From top to bottom, write out the listing exactly and skip every picture.

#### SUPPLIED MATERIAL
========================================================================

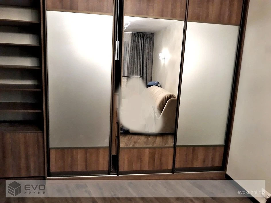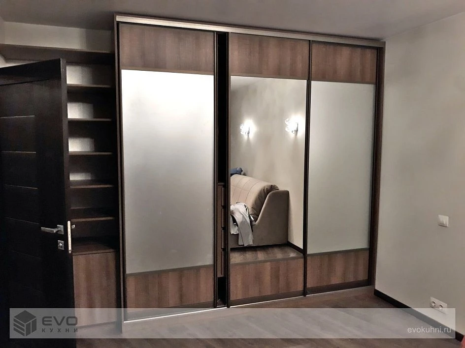 Шкаф-купе 3 двери с зеркальными вставками, темный
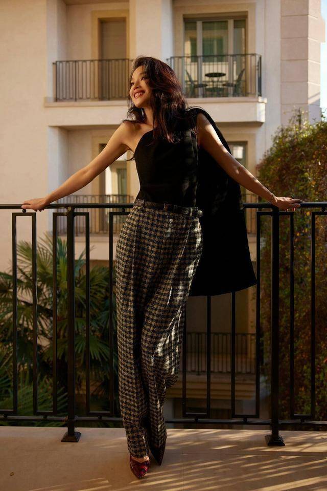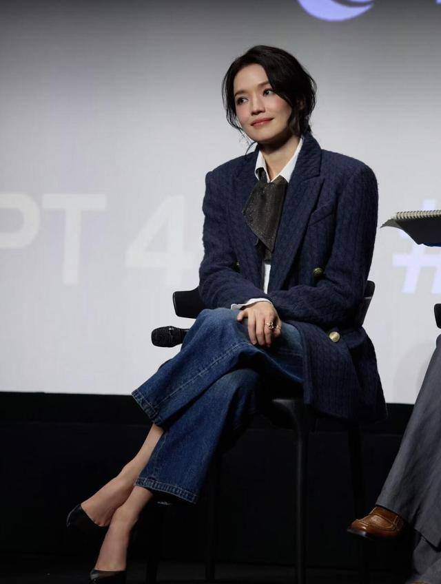 出席重要场合的时候,舒淇会打扮得更得体一些,挺阔有型的千鸟格西装外套,搭配牛仔裤,瞬间摆脱了严肃感。
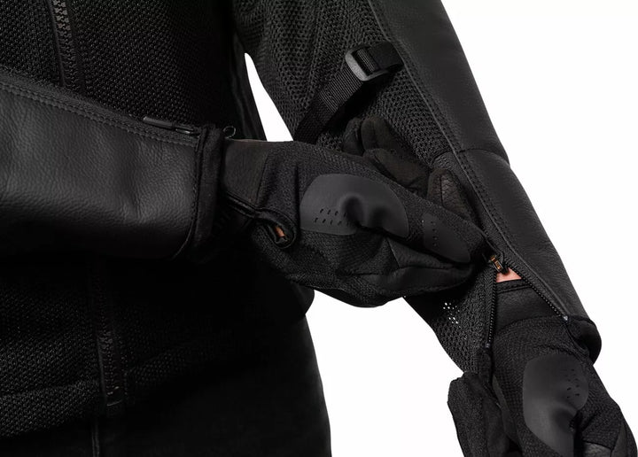 Duurzaam 300D Polyester en Iron Weave ™ mesh-chassis, 1,2 mm-1.4 mm TracSpec ™ leer in primaire crashzone, verstelbare taille- en armband, Icon® Sport Fit, YKK® Zippers, Back Protector EN 1621-2 Niveau 1, EN170-70-2
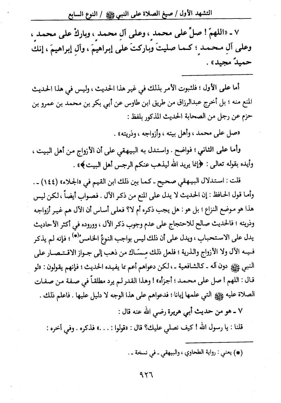 النبي صَلَّى اللَّهُ عَلَيْهِ وَسَلَّمَ دون آله - كالشافعية -، لكن دعواهم أعم مما يفيده الحديث؛ فإنهم يقولون: " لو

========================================================================

#### YOUR SOLUTION
 Шкаф-купе 3 двери с зеркальными вставками, темный
 出席重要场合的时候,舒淇会打扮得更得体一些,挺阔有型的千鸟格西装外套,搭配牛仔裤,瞬间摆脱了严肃感。
 Duurzaam 300D Polyester en Iron Weave ™ mesh-chassis, 1,2 mm-1.4 mm TracSpec ™ leer in primaire crashzone, verstelbare taille- en armband, Icon® Sport Fit, YKK® Zippers, Back Protector EN 1621-2 Niveau 1, EN170-70-2
 النبي صَلَّى اللَّهُ عَلَيْهِ وَسَلَّمَ دون آله - كالشافعية -، لكن دعواهم أعم مما يفيده الحديث؛ فإنهم يقولون: " لو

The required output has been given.